With texting, tweeting, Facebook PMing and Gchat increasingly replacing face-to-face or telephone conversations, it's only logical that clinicians will find a way to enhance provider-patient communications.
But don't expect 140 characters to replace a discharge planning session anytime soon. While healthcare communication capabilities are advancing every day, clinicians feel an increasing responsibility to display professionalism and maintain patient privacy.
Nowhere is the potential for technological advancement greater than in the arena of home care. As the national focus shifts to keeping patients in their own homes (and out of ED admissions), technology is increasingly enabling patients to connect with their clinicians remotely.
The trend is official now. In October, the Federal Communications Commission (FCC) allocated use of the 2360-2400 MHz bandwidth for medical use. Those bands were previously reserved for flight testing in the aerospace industry. This change should further facilitate real-time monitoring.
According to a statement by the FCC, it "will promote the widespread use of beneficial MBAN technologies. Such deployment will reduce healthcare expenses, improve the quality of patient care and could ultimately save lives."
The agency estimated MBAN technology could save the healthcare industry $1.2 billion annually by reducing the need for hospitalizations.
Leading software developers have devices in development to meet the increased spectrum allocation and are encouraging the FCC to finalize the MBAN coordinator appointment.
Manufacturers that develop MBAN technology would have to register and coordinate use of the devices with the MBAN coordinator, who will ensure that they will not interfere with other devices. The FCC set a target date of June 2013 to have the coordinator in place.
Illustrating the increasing wireless application in home care is Frederick Memorial Home Care in Frederick, MD.
The system has been profiled as a case study for their manufacturer, and Heidi Brown, MSN, RN, director of home health and home medical equipment, is amazed at how quickly the technology has evolved.
Since her facility made the decision to acquire a durable mobile computing system approximately 3 years ago, they've already upgraded once and are switching to a tablet format next year.
At their initial launch, Frederick Memorial was one of the first home health agencies to use wireless technology for their approximately 70 caregivers and clinicians.
"It really makes our clinicians much more independent," said Brown. "They're no longer dependent upon an Ethernet connection and don't have to go back to an office to file a report."
Brown and her team selected a wireless laptop that resembles a small suitcase. Integrated mobile broadband communication capabilities are built into the computer, negating the need for a dedicated connectivity device.
While Frederick Memorial serves the suburbs of Baltimore and Washington, DC, patients residing just five miles away from the hospital are considered residents of "farm country," said Brown.
"Just as you'd lose a cell connection, it's easy to lose Internet connection in the hills and mountains," she explained.
"For this reason, as well as safety, we train staff not to transmit data while they're driving. They could hit the sync button or go through a bad spot and interrupt connectivity."

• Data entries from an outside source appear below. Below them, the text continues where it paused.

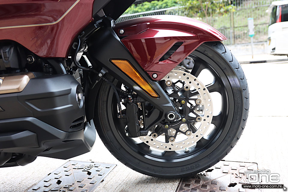 ●Double-Wishbone前叉 新GOLD WING另一焦點是採用Double-Wishbone(類似汽車雙願骨)前避震;有別傳統的套筒前叉,Double-Wishbone的左及右前叉並沒有吸震功能,而SHOWA單筒前避震設於前叉與軑把之間,結構與BMW的Duolever避震相似,優點之一是急煞情況下,不會發生傳統前叉因過渡下沉導致無法轉彎的問題,而部件之間的磨擦更少,使轉向更靈活,同時提升整個行駛過程的平穩度,據HONDA表示Double-Wishbone可以過濾從路面傳至軑把30%震盪。但根據之前駕駛使用類似結構避震的電單車,由於減速時的俯衝力大減,與傳統前叉出現較大分別,因此駕駛初需要一點時間適應。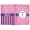 Ahoy there matey, do you have a little pirate girl on your hands? If so, then she is sure to love this girly girl pirate design that features the classic skull and crossbones pirate print. The skull and crossbones are highlighted using a backdrop of pink. They are adorned with purple and white polka dot dew rags. The coordinating bottom pattern of pink with purple polka dots ties the entire design together.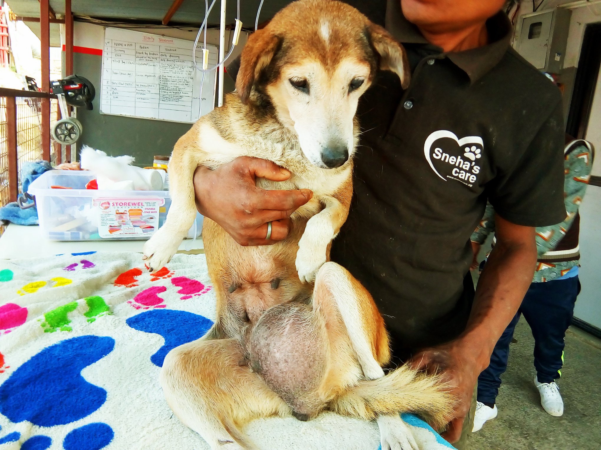 This is Lola. Lola suffers from a mammary tumor in her abdomen area, which has made her quite weak. She is unable to move much because of the heavy weight of the tumor. Maximum percentages of female dogs that are not spayed suffer from tumors like these in their lifetime. Even though most of these tumors are benign, it weakens a dog, diminishes their health and can be quite painful.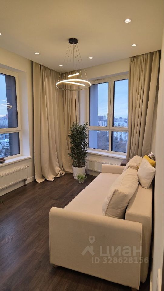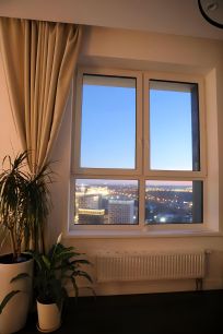 Окна выходят на набережную реки Сетунь, на юг и на запад. Квартира очень светлая, по вечерам красивые закаты. В квартире тихо с открытыми окнами, ночью слышно как поют соловьи.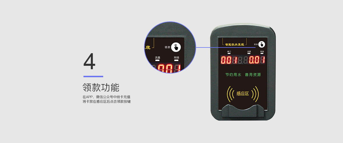 - 可接入微信公眾號,無人值守,用戶自助充值。支持領款和消費的一體機。
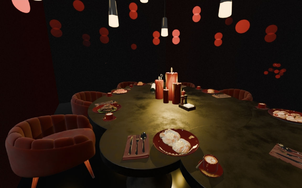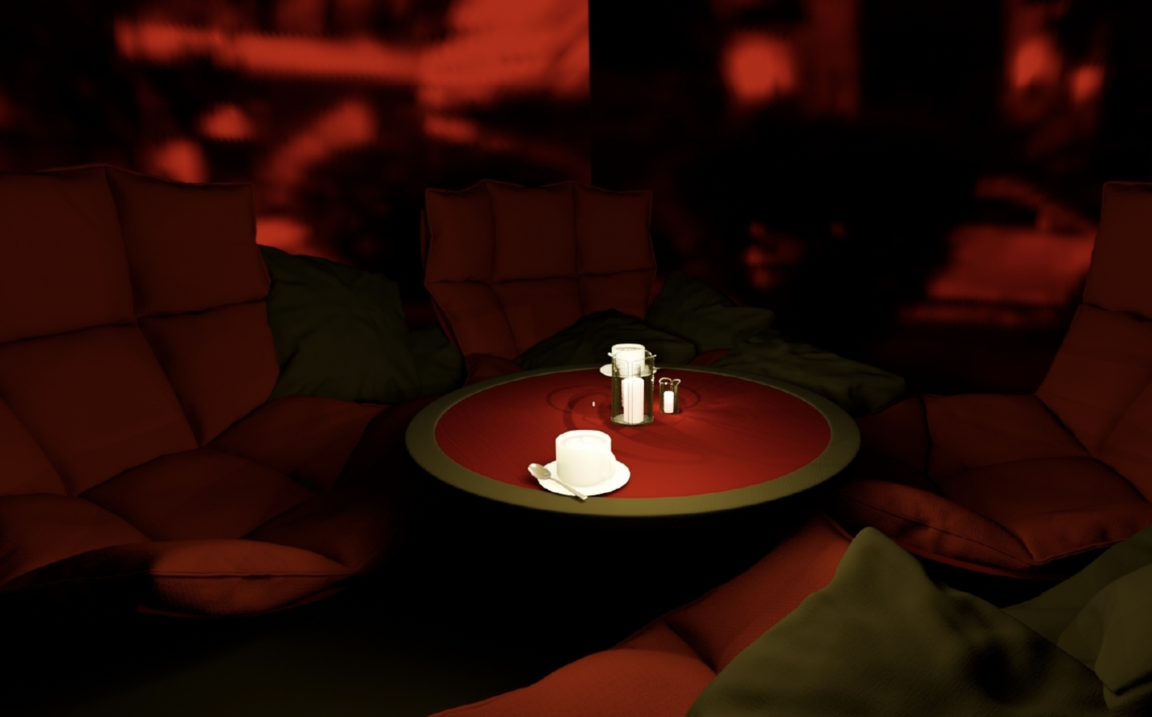 Промт: Атмосфера кафе по обсуждению сплетен Гадюшника: неон, сплетни при свечах, уединение.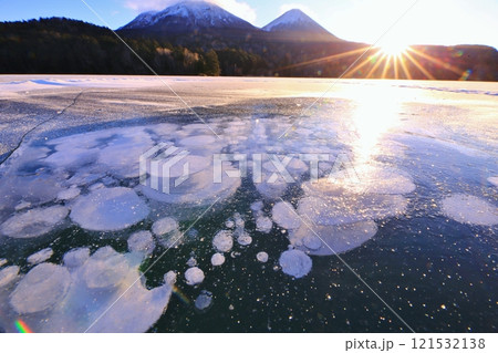 オンネトー湖のアイスバブルと雌阿寒岳・阿寒富士

Even given that requirement, Frederick Memorial nurses can file patient reports or communicate with a multidisciplinary team while rounding in patients' homes.
The robustness of laptops was a strong selling point as well.
In home care, it's all too common for mobility to be associated with cracked computer screens, missing keys or water damage. These polymer-encased hard drives can absorb impacts and a have sealed all-weather design. Batteries are designed to have a longer life, keeping nurses focused on patient visits rather than scrambling for outlets.
Integrating with EMR
One of Brown's and her staff's favorite features of the system is the ability to communicate with colleagues via an instant messaging system. The messages are then attached to the patient's clinical chart, eliminating a step in the nurses' workflow.
"The messaging feature really cuts down on phone calls," Brown said. "Our staff finds it very positive that messages about patients become part of their chart. We no longer have to go back into a note and add something like 'I emailed the PT.' It saves a step."
While clinician-to-clinician conversations are increasingly occurring in the electronic stratosphere, patient education and family caregiver instructions are still very much a face-to-face occurrence.
That may not always be the case. In home health and hospice circles, murmurs are beginning about the possibility of using text messaging to notify family members about a loved one's decline or provide educational information.
Brown can't conceptualize the idea of using mobile devices for such sensitive patient conversations but looks forward to this year's upgrade to a tablet.
"With these, we'll have the capability to do face-to-face video educations sessions," she noted with excitement.
Like many other health systems, Frederick Memorial's home health patients do have a web-based method of recording their daily weight, blood pressure and other indicators with a nurse providing the necessary follow-up.
Though the 65+ generation rarely asks about mobile or smartphone apps, Brown said they're frequently online seeking health information and very receptive to the web-based remote monitoring.
"It's our intent that the patient becomes engaged and takes ownership," she said. "They have a sense that someone's looking out for them.
"Our intent is to catch problems before they would have to go to the hospital or present at the ED. It might not save the system money, but it decreases healthcare costs. We're acting more efficiently than ever to keep them out of the hospital."
Robin Hocevar is senior regional editor at ADVANCE.